"O ihr, die ihr glaubt! Wenn jemand seine Religion verlassen will, dann wird Gott Menschen bringen, die er liebt und die ihn lieben, demütig gegen die Gläubigen, streng gegen die Ungläubigen, die kämpfen werden auf dem Wege Gottes."
Dieser Vers ist aus drei Gründen interessant. Erstens unterstreicht er die koranische Absage an einen Stammesgott, der auf ewig mit einer bestimmten Gemeinschaft verbunden ist. Zweitens bestätigt er den Wert der Liebe unter den Menschen und zu Gott. Drittens weist er den Eifer zeitgenössischer liberaler Muslime zurück, die unbedingt mit allen Menschen in Harmonie leben wollen.
Der Vers spricht zunächst die Gläubigen an und unterstreicht, dass sich ihr Wert allein aus der Tatsache ihres Glaubens ergibt, daraus, wie sie mit anderen umgehen und wie engagiert sie ihre Religion ausleben - egal wie herablassend oder spöttisch andere ihr Handeln betrachten. Ihre Gemeinschaft ist keine der gesellschaftlichen oder tribalen Solidarität, sondern eine des Glaubens und der Praxis. Sollten sie dies aufgeben, gehen sie verloren. Andere Gläubige werden kommen und ihren Platz einnehmen.
Entsprechend ist Gott laut Koran einen Bund mit Abraham eingegangen. Er versprach ihm, ihn zum "Führer für die Menschen" zu machen. Als Abraham ihn daraufhin fragte, ob das Versprechen auch für seine Nachkommenschaft gelte, fiel Gottes Antwort recht kurz aus: "Mein Bund erstreckt sich nicht auf die Ungerechten." (2:124)
Kommen wir zum zweiten interessanten Aspekt des hier zu erläuternden Koranverses. Viele Nicht-Muslime vertreten die Auffassung, der Gott des Korans sei kein Gott der Liebe. Der Vers bestätigt - wie im Übrigen viele andere - genau das Gegenteil. Gott ist ein liebender Gott und er möchte geliebt werden. Nach Darstellung des Korans ist seine Liebe allerdings nicht bedingungslos. Es handelt sich nicht um eine grenzenlos kuschelige Liebe, wegen der man selbst im Angesicht von Fehlern und Ungerechtigkeiten Konflikten aus dem Weg geht.
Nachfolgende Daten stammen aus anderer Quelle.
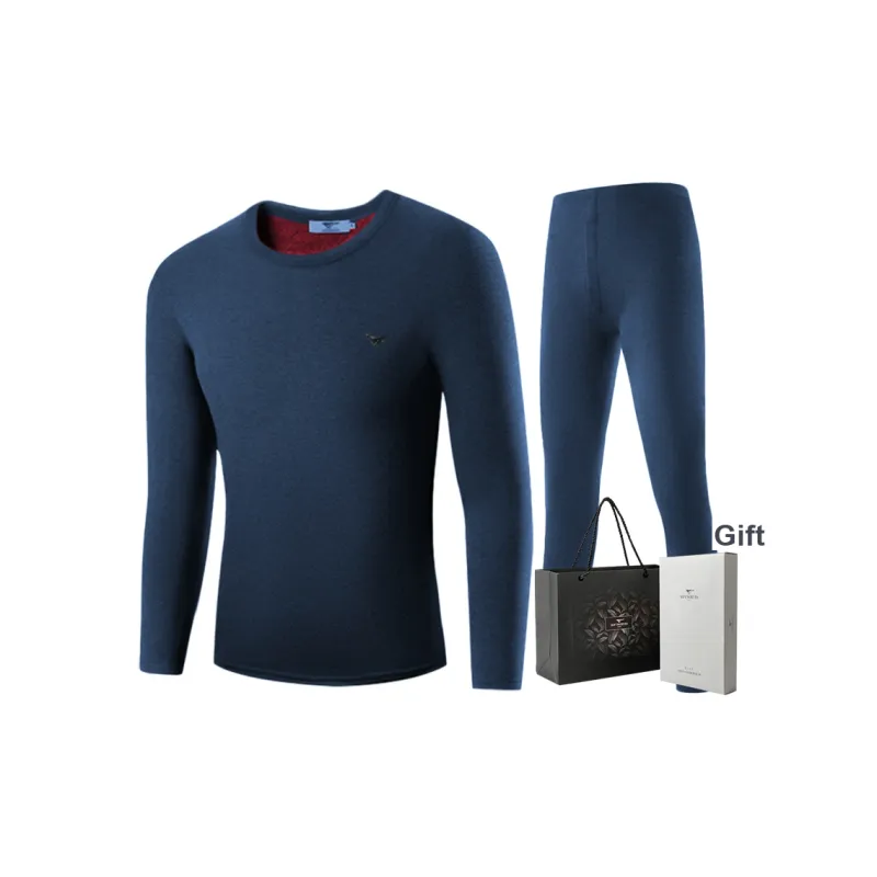 Цвет:Длинный рукав топ + штаны комплект одежды (темно-синий) с флисовой подкладкой / двухслойный утолщенный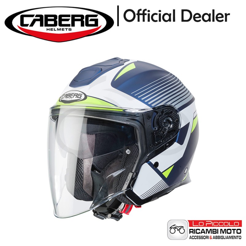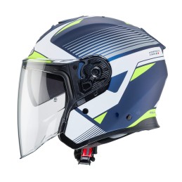 CASCO JET CABERG FLYON FIBRA DI VETRO RIO K1 BLU OPACO YAMA/BIANCO/GIALLO FLUO/ARGENTO DOPPIA VISIERA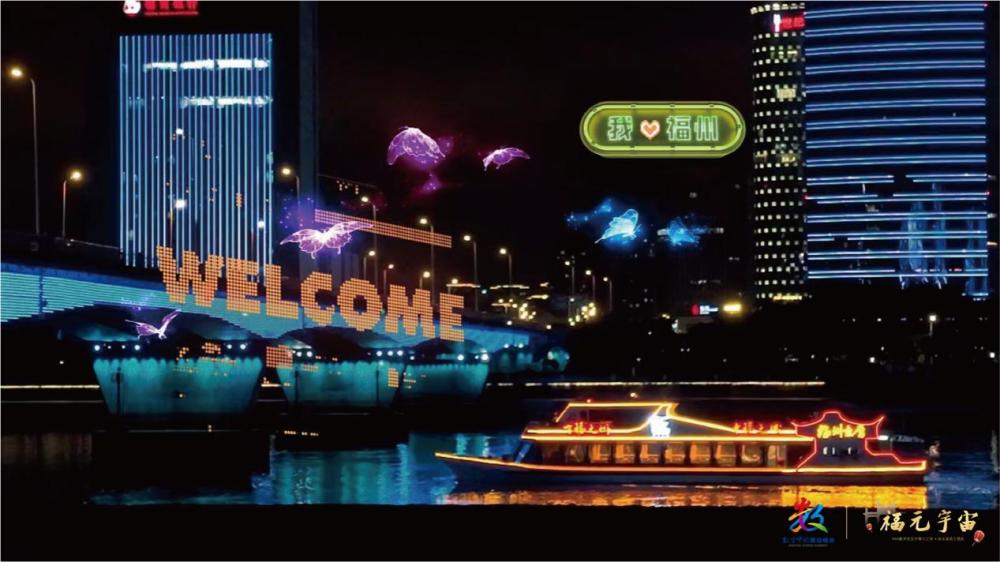 數(shù)字交互之夜是以“福元宇宙是基于人人都可構(gòu)筑的愿景”為核心思想,選擇福州閩江兩岸以及會展島的特色三處典型區(qū)域,展開的一次“R真實(shí)場景+AR技術(shù)”數(shù)字燈光秀。數(shù)字交互之夜還融入中國文化、科技及“龍、魚”、展會吉祥物等形象,以構(gòu)建數(shù)字世界下的人類新家園為核心,秉承大氣、精彩、可持續(xù)為創(chuàng)作原則,立足展現(xiàn)數(shù)字中國的科技魅力。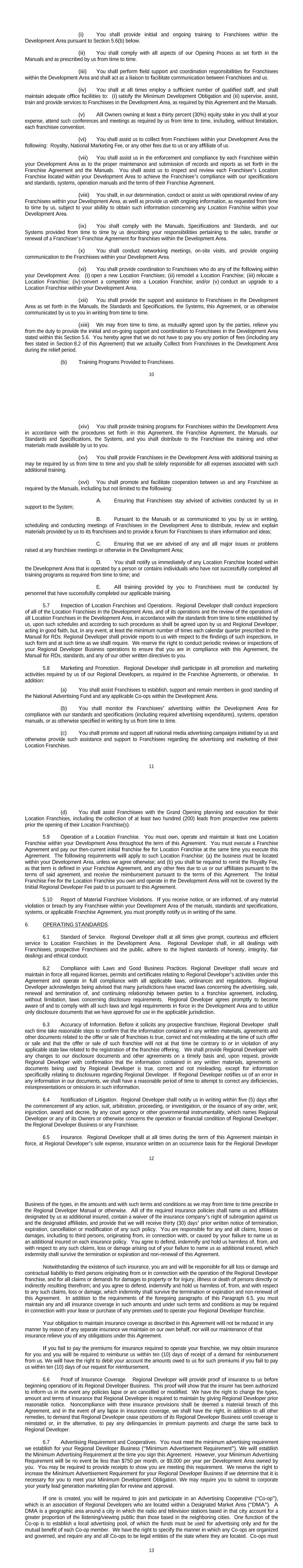 10 (i) You shall provide initial and ongoing training to Franchisees within the Development Area pursuant to Section 5.6(b) below. (ii) You shall comply with all aspects of our Opening Process as set forth in the Manuals and as prescribed by us from time to time. (iii) You shall perform field support and coordination responsibilities for Franchisees within the Development Area and shall act as a liaison to facilitate communication between Franchisees and us. (iv) You shall at all times employ a sufficient number of qualified staff, and shall maintain adequate office facilities to: (i) satisfy the Minimum Development Obligation and (ii) supervise, assist, train and provide services to Franchisees in the Development Area, as required by this Agreement and the Manuals. (v) All Owners owning at least a thirty percent (30%) equity stake in you shall at your expense, attend such conferences and meetings as required by us from time to time, including, without limitation, each franchisee convention. (vi) You shall assist us to collect from Franchisees within your Development Area the following: Royalty, National Marketing Fee, or any other fees due to us or any affiliate of us. (vii) You shall assist us in the enforcement and compliance by each Franchisee within your Development Area as to the proper maintenance and submission of records and reports as set forth in the Franchise Agreement and the Manuals. You shall assist us to inspect and review each Franchisee’s Location Franchise located within your Development Area to achieve the Franchisee’s compliance with our specifications and standards, systems, operation manuals and the terms of their Franchise Agreement. (viii) You shall, in our determination, conduct or assist us with operational review of any Franchisees within your Development Area, as well as provide us with ongoing information, as requested from time to time by us, subject to your ability to obtain such information concerning any Location Franchise within your Development Area. (ix) You shall comply with the Manuals, Specifications and Standards, and our Systems provided from time to time by us describing your responsibilities pertaining to the sales, transfer or renewal of a Franchisee’s Franchise Agreement for franchises within the Development Area. (x) You shall conduct networking meetings, on-site visits, and provide ongoing communication to the Franchisees within your Development Area. (xi) You shall provide coordination to Franchisees who do any of the following within your Development Area: (i) open a new Location Franchises; (ii) remodel a Location Franchise; (iii) relocate a Location Franchise; (iv) convert a competitor into a Location Franchise; and/or (v) conduct an upgrade to a Location Franchise within your Development Area. (xii) You shall provide the support and assistance to Franchisees in the Development Area as set forth in the Manuals, the Standards and Specifications, the Systems, this Agreement, or as otherwise communicated by us to you in writing from time to time. (xiii) We may from time to time, as mutually agreed upon by the parties, relieve you from the duty to provide the initial and on-going support and coordination to Franchisees in the Development Area stated within this Section 5.6. You hereby agree that we do not have to pay you any portion of fees (including any fees stated in Section 8.2 of this Agreement) that we actually Collect from Franchisees in the Development Area during the relief period. (b) Training Programs Provided to Franchisees. 11 (xiv) You shall provide training programs for Franchisees within the Development Area in accordance with the procedures set forth in this Agreement, the Franchise Agreement, the Manuals, our Standards and Specifications, the Systems, and you shall distribute to the Franchisee the training and other materials made available by us to you. (xv) You shall provide Franchisees in the Development Area with additional training as may be required by us from time to time and you shall be solely responsible for all expenses associated with such additional training. (xvi) You shall promote and facilitate cooperation between us and any Franchisee as required by the Manuals, including but not limited to the following: A. Ensuring that Franchisees stay advised of activities conducted by us in support to the System; B. Pursuant to the Manuals or as communicated to you by us in writing, scheduling and conducting meetings of Franchisees in the Development Area to distribute, review and explain materials provided by us to its franchisees and to provide a forum for Franchisees to share information and ideas; C. Ensuring that we are advised of any and all major issues or problems raised at any franchisee meetings or otherwise in the Development Area; D. You shall notify us immediately of any Location Franchise located within the Development Area that is operated by a person or contains individuals who have not successfully completed all training programs as required from time to time; and E. All training provided by you to Franchisees must be conducted by personnel that have successfully completed our applicable training. 5.7 Inspection of Location Franchises and Operations. Regional Developer shall conduct inspections of all of the Location Franchises in the Development Area, and of its operations and the review of the operations of all Location Franchises in the Development Area, in accordance with the standards from time to time established by us, upon such schedules and according to such procedures as shall be agreed upon by us and Regional Developer, acting in good faith, but, in any event, at least the minimum number of times each calendar quarter prescribed in the Manual for RDs. Regional Developer shall provide reports to us with respect to the findings of such inspections, in such form and at such time as we shall require. We reserve the right to conduct periodic reviews or inspections of your Regional Develope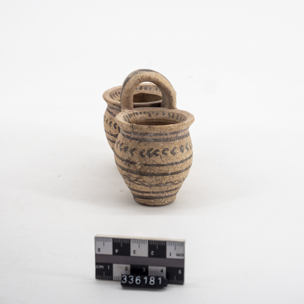 Situla gemina in ceramica listata. Orlo leggermente estroflesso e superiormente appiattito. Corpo ovoidale e piede piano. Ansa sormontante a nastro, impostata sulla pancia dei due contenitori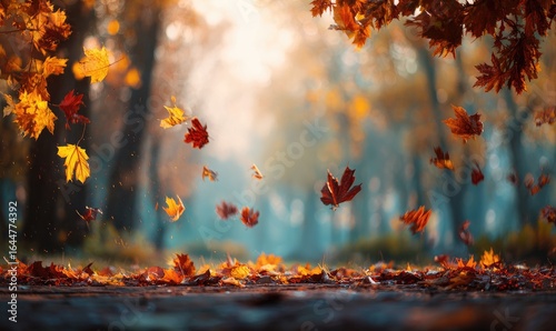 Autumn leaves falling in a park bathed in golden sunlight

Das bringt uns zum dritten wichtigen Punkt: Von den Gläubigen wird erwartet, dass sie untereinander Milde walten lassen und gegenüber denen, die sie ablehnen, streng auftreten. Anders als viele liberale Muslime, die darauf beharren, der Islam sei so eine Art offenes Zelt, in dem jedem mit gutem Willen begegnet wird, verlangt diese Koranstellen Strenge gegen manche Menschen.
Und, ja, ich selbst möchte auch nicht freundlich zu Rassisten sein, zu Homophobikern, Islamfeinden, Antisemiten, Frauenfeinden und Besatzern. Ich möchte kameradschaftlich mit jenen sein, die meinen Glauben teilen. Und mein Glaube verlangt, dass ich für Gerechtigkeit den Mund aufmache. Wenn ich das jedoch tue, werden jene, die ungerecht handeln, nicht freundlich darauf reagieren. Aber genauso wenig bin ich daran interessiert, milde mit ihnen umzugehen - allenfalls als Strategie, um ihre Boshaftigkeit zu schwächen. Warum sollte man sich nicht gegen einige Menschen stellen und diese bekämpfen? Nicht alle Formen des Kampfes müssen physisch sein.
In den Händen von Menschen, die weniger liberal sind, - ich betone "weniger" liberal -, wird diese Koranstelle somit zu einem bequemen Argument für jene arrogante Haltung, die da sagt: "Ich bin auserwählt. Du bist zu Eis erstarrt. Es ist meine heilige Mission, dich zu enteisen - selbst wenn das bedeutet, das Eis in zigtausend Stücke zu zerschlagen."